## What to do
Among the lines of the listing below, retype exactly those from the one containing "Elegant black velvet" through the one containing "Country Park like", both included. Do not include pictures.

## Dataset entries
□ □ □ □

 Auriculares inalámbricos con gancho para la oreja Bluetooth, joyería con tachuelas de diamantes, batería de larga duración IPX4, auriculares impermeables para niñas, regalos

□ □ □ □

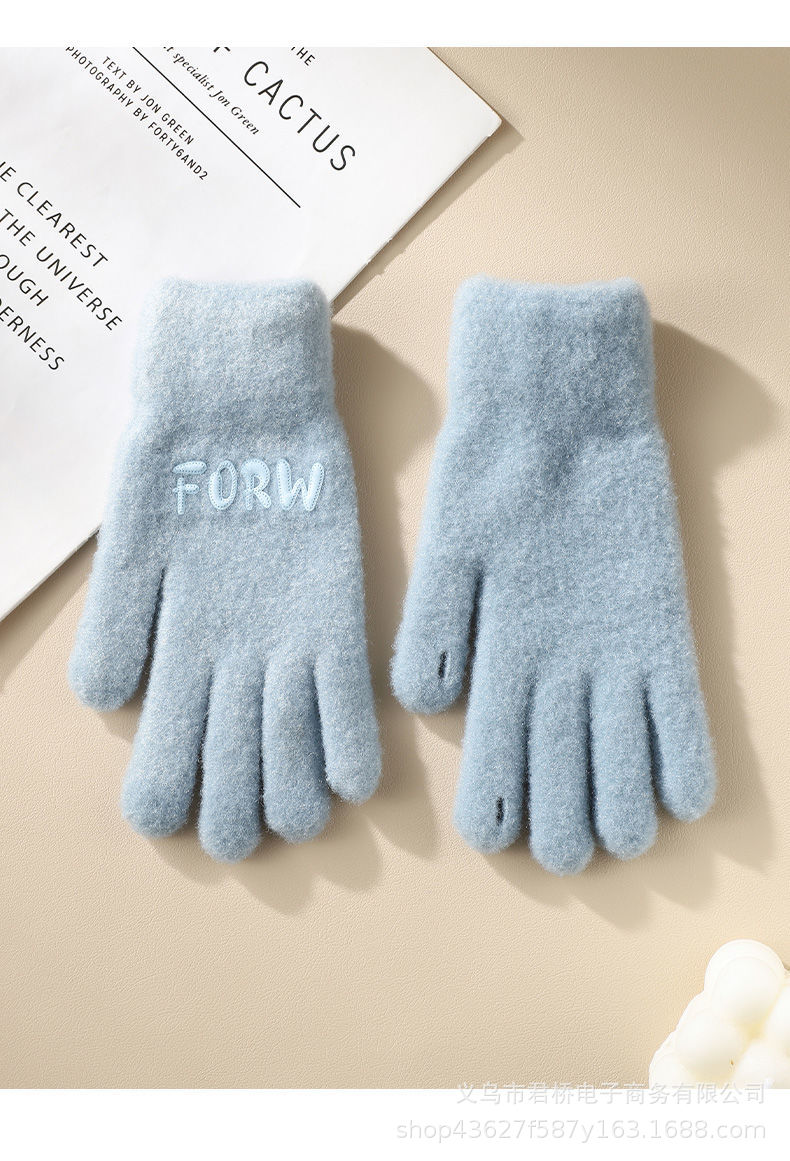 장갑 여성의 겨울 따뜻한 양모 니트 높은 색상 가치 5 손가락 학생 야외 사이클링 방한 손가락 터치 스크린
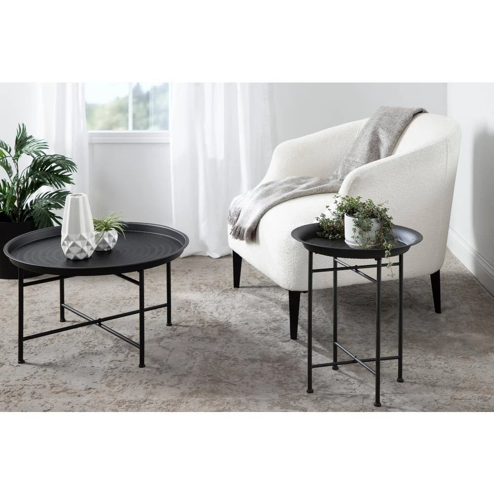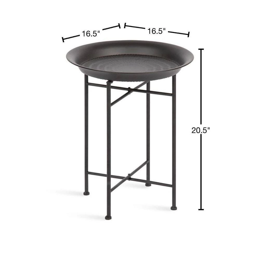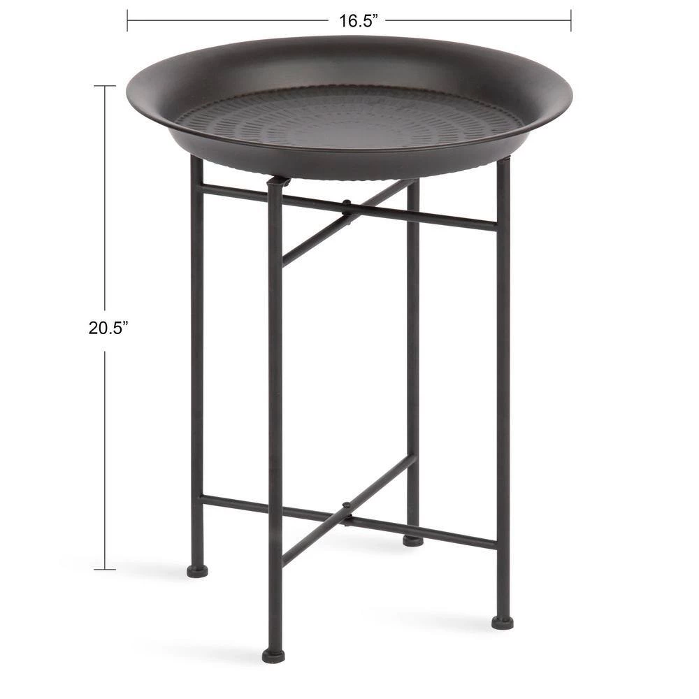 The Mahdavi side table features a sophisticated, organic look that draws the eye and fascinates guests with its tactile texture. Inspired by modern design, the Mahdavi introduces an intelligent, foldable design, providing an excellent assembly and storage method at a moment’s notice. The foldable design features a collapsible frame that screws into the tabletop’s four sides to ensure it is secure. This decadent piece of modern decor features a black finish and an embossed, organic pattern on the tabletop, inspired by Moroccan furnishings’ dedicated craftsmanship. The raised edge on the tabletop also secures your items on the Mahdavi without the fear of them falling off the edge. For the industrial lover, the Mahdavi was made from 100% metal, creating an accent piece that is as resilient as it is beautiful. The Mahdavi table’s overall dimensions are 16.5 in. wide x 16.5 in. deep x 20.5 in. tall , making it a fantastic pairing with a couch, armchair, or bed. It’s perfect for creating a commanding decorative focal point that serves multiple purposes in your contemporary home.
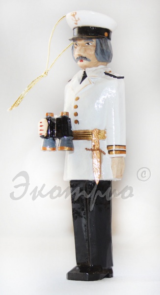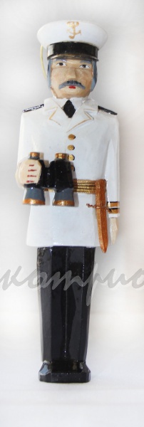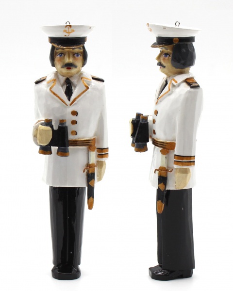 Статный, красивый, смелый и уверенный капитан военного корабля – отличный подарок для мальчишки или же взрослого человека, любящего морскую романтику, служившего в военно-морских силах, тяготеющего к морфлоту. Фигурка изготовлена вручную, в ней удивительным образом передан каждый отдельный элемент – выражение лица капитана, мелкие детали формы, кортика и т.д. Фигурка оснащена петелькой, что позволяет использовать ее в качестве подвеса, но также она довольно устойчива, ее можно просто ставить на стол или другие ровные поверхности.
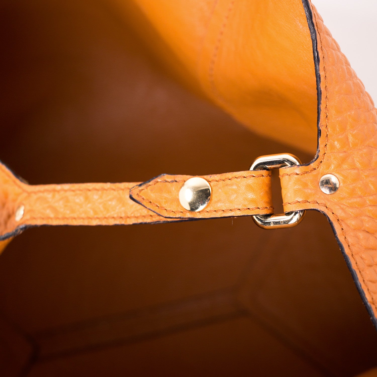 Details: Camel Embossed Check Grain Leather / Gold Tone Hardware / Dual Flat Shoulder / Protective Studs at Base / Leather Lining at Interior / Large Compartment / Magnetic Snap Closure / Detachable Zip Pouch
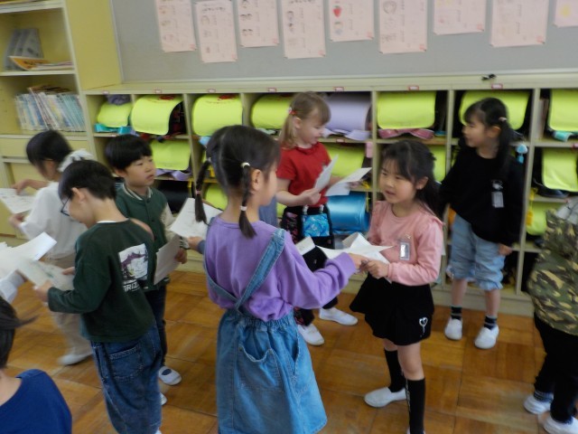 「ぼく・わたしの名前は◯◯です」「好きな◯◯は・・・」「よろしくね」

□ □ □ □

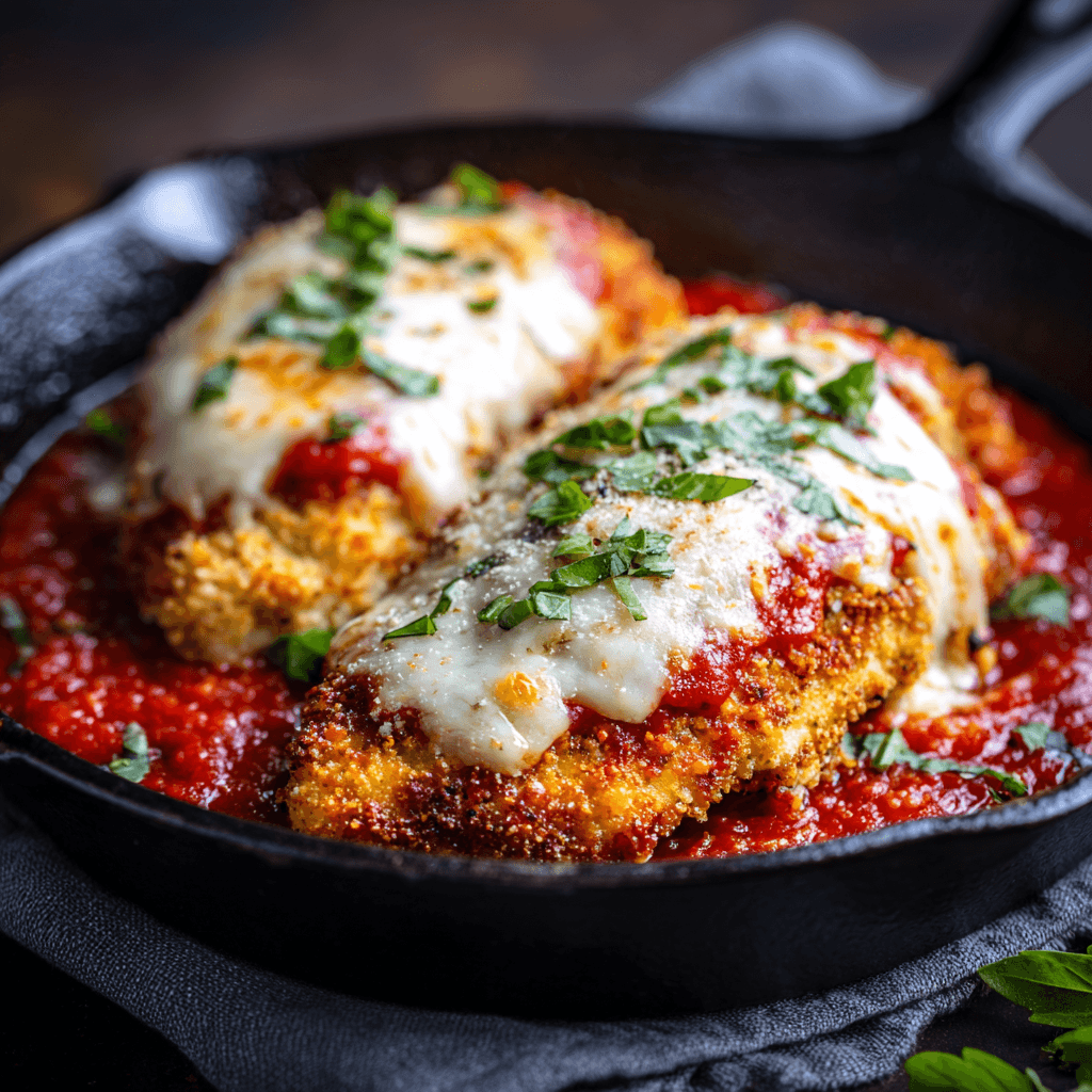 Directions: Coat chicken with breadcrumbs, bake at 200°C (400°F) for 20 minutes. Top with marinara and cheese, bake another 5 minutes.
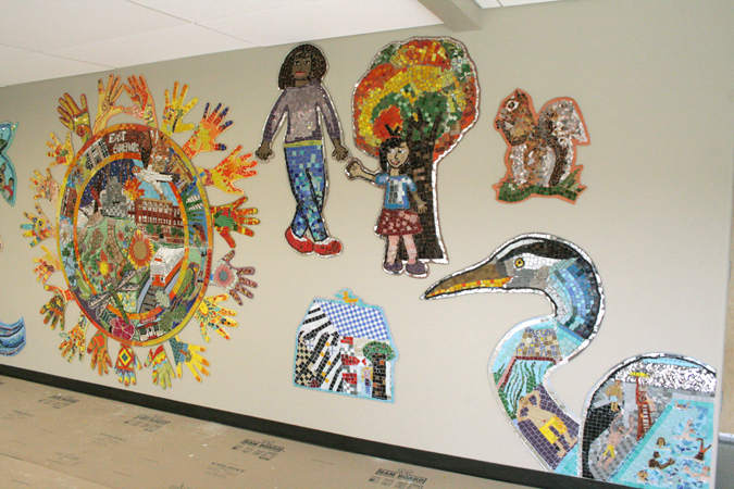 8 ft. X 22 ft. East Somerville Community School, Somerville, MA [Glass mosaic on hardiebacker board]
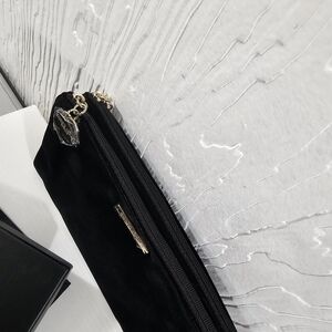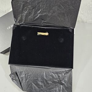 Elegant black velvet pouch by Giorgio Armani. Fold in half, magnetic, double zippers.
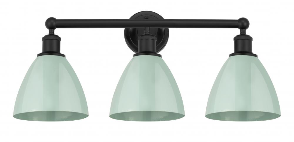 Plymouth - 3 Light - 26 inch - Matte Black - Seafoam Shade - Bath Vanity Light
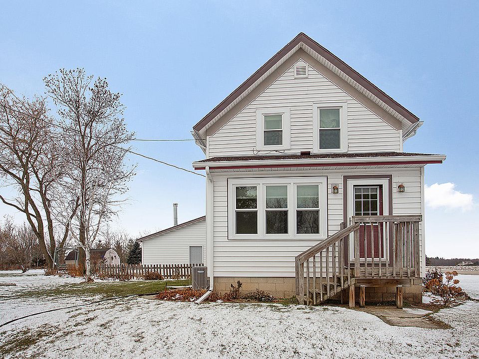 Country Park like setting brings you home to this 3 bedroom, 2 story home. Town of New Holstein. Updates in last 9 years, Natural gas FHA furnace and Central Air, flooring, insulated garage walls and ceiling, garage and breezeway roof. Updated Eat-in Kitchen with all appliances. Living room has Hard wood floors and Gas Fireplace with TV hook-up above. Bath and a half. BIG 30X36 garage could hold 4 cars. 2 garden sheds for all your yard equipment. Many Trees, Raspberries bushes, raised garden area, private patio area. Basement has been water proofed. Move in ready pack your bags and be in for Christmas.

□ □ □ □

## The completed task
 Elegant black velvet pouch by Giorgio Armani. Fold in half, magnetic, double zippers.
 Plymouth - 3 Light - 26 inch - Matte Black - Seafoam Shade - Bath Vanity Light
 Country Park like setting brings you home to this 3 bedroom, 2 story home. Town of New Holstein. Updates in last 9 years, Natural gas FHA furnace and Central Air, flooring, insulated garage walls and ceiling, garage and breezeway roof. Updated Eat-in Kitchen with all appliances. Living room has Hard wood floors and Gas Fireplace with TV hook-up above. Bath and a half. BIG 30X36 garage could hold 4 cars. 2 garden sheds for all your yard equipment. Many Trees, Raspberries bushes, raised garden area, private patio area. Basement has been water proofed. Move in ready pack your bags and be in for Christmas.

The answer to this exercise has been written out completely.